Нашел я его на ферме, где он работал простым скотником. Слухи о «чудесном деде» дошли до меня сразу же, как я приступил к работе. А столкнулись мы при интересных обстоятельствах.
Каждую осень необходимо было проводить массовое обследование всех коров стада на беременность, стельность. Мероприятие это будоражило ферму, почти все скотники должны были участвовать в работе, коров не выгоняли в эти дни на пастбище, и удои на ферме падали. Процедура определения беременности у коровы была в то время весьма сложной и грязной: ветеринар рукой через прямую кишку должен был нащупать трехмесячный эмбрион. Это требовало большого опыта и возлагало на него большую ответственность, так как не стельных, яловых, коров забивали на мясо, и если фельдшер делал ошибку, и забитая корова оказывалась беременной, то его ждали большие неприятности.
Случилось так, что в этот день подводил ко мне коров и держал скотник Картамышев, «Дед». Увидев, что я и мой санитар уже совсем выбились из сил, он вдруг громко заявил, показывая на корову:
— А чего ее мучить, сразу видно, что она яловая!
С усмешкой переглянулись мы с санитаром. После исследования убеждаюсь, что он прав: корова яловая. Подводят вторую:
— Ну а эта, Дед? — подшучиваю над ним я.
— Да эта уж точно стельная! И точно, она стельная!
— Ну а эта?
— Эта тоже стельная.
И пошло подряд: сначала он, потом я. И ни одной-то ошибочки он не сделал! Сел я и задумался, что же это за чародей на нашей ферме? Получается так, что вся наша ветеринарная наука ничего не стоит. И зачем же это мы и себя, и коров мучаем?

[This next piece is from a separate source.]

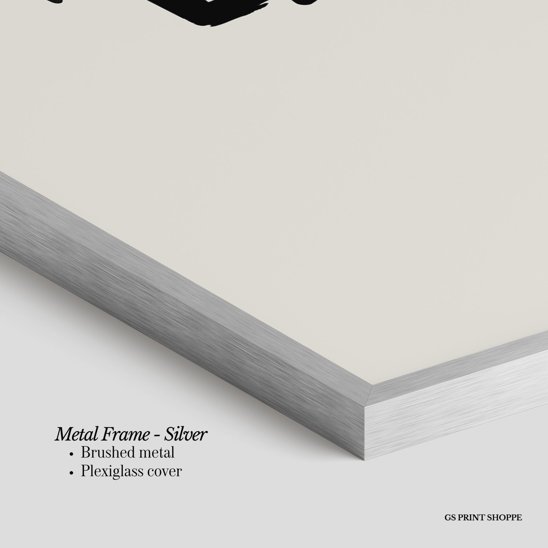 Metal Frame: Sleek and modern, our metal frame is crafted with brushed metal for a polished finish. It comes with durable plexiglass and sturdy metal hangers for horizontal or vertical display.

— Дед, а как это у тебя получается, будь ты неладен!
— ПРАХТИКА! — с улыбкой отвечает он. Так мы и познакомились.
Любил он лошадей. Большевики еще в тридцатом отобрали его единственную крестьянскую лошадь, но любовь к ним осталась. То и дело вижу его на конном дворе, слышу, как он беседует с конюхами, подходя то к одной, то к другой лошади.
Вижу, как смело берет он заболевшую лошадь за губу, чтобы раскрыть рот.
— Опоили! — печально заявляет он.
Это значит, разгоряченную лошадь сразу повели на водопой, что приводит к тяжелой болезни ног.
Осмотрев другую лошадь, ставит диагноз: «Червяк!» Меня это тоже удивляет: как он без микроскопического анализа знает, что у нее глисты. А ведь я два дня потратил, чтобы это обнаружить.
Как-то оказался я с ним в степи, на летних выпасах. Он идет, то и дело наклоняется, срывает травы, затем показывает их мне и сообщает, от каких болезней нужно их принимать.
О таком замечательном помощнике я мог только мечтать. Но заполучить Деда оказалось не просто, ценили его на ферме. Уперся заведующий: не отдам и точка. Три недели торговался я с ним, пока не получил.
Пришел он ко мне на пункт с маленьким мешочком — все его имущество — в старом ватнике и меховой шапке на голове: «В ваше распоряжение прибыл!».